低い目線で人間の弱さを自嘲気味に嗤う石原壮一郎さんの芸風に、シンパシーを感じている。ニンテンドーDSを持っていないので、大人力検定は受けていないが、TBSのポッドキャスティング「小西克哉 松本ともこ ストリーム」 コラムの花道『月刊!大人気ない発言』はつとめて聞くようにしてきた。ただ、10/5(金)はちょっとなあ・・・と思った。内容が悪いのではない。記者会見で安倍首相の言葉を流さないのは、杓子定規的事なかれ力が発揮されすぎてるんじゃないのでしょうか。
この日は、女優・沢尻エリカの会見のほか、安倍(前)首相の会見の変遷が俎上にあげられた。ポッドキャストがコンテンツの二次利用にあたることから、放送目的で得られたコンテンツをポッドキャストで流さないという基本方針をTBSが作ったことは理解できる。だから、沢尻エリカ会見の類がポッドキャストで流れないのはよい。だけど、安倍(前)首相の発言は、すべての国民にとって民主的な政治参加の契機となる公的なコンテンツではないのか。
むろん、TBSラジオも取材経費をかけて取材した貴重なコンテンツであることは分かる。でも、マスメディアが首相発言という公的情報に容易にアクセスできたのは、国民を代表しているという前提があってのことだ。
マスメディアが扱うコンテンツの中で、だれもものでもなくパブリックなものがある。

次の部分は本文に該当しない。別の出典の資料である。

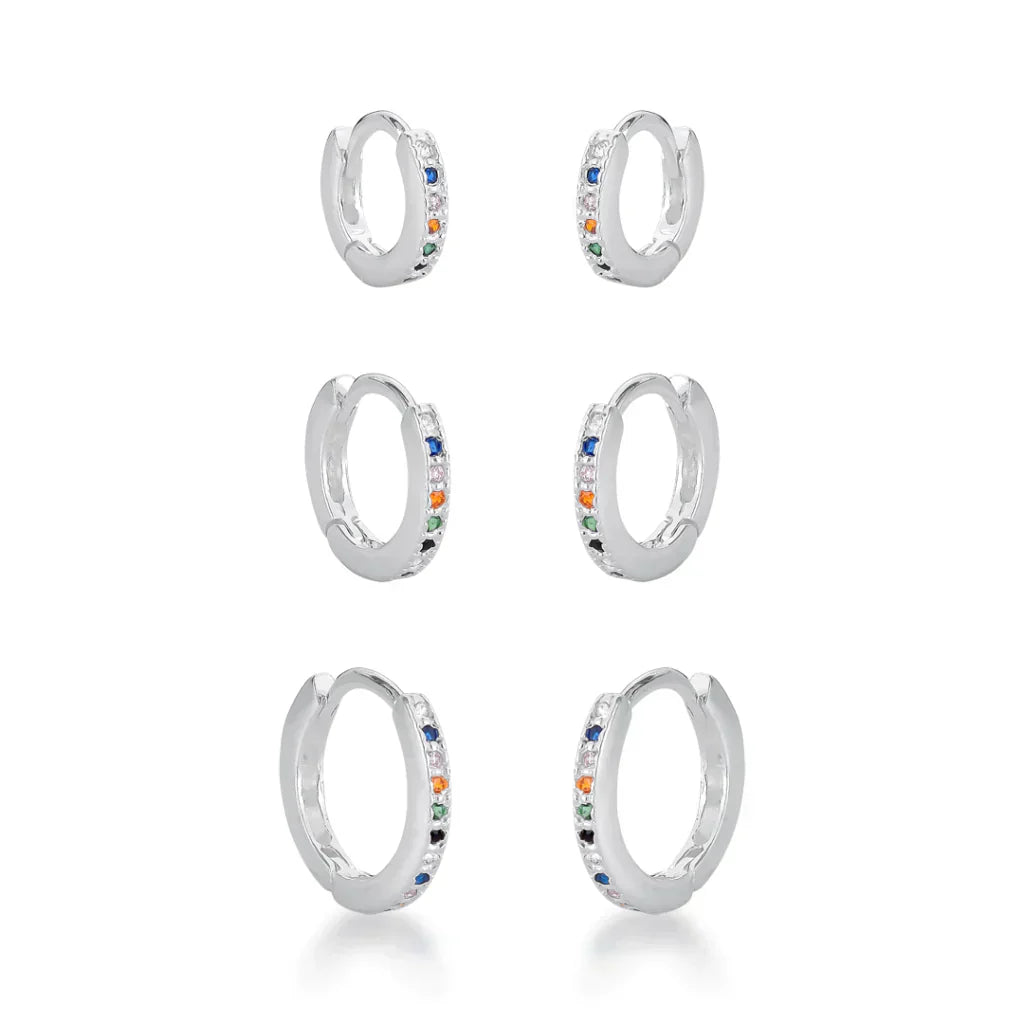 Trio de Brinco Argola Cravejado Colorido de Prata 925, vem com 3 peças lindas, com acabamento perfeito e com 1,95mm de espessura, o modelo tamanho P apresenta 11 milímetros, o modelo M apresenta 13 milímetros e o modelo tamanho G apresenta 15 milímetros, vem com o fecho de encaixe, além de ser feito com um material de excelente qualidade e durabilidade.

たとえば法律の条文のようなもの。首相の所信表明演説なども、公的な情報だろう。そうした情報がマスメディアを通じて伝えられた瞬間、条文や演説がマスメディアの知的財産となってしまったら大変だ。
安倍発言についてまでも、「ポッドキャスティングでお聞きの皆さん、著作権の関係でお聞かせすることはできません」と機械的に排除してしまうのは、ちょっとなあ。TBSラジオのポッドキャスト番組づくりにも大人力が必要ではないでしょうか。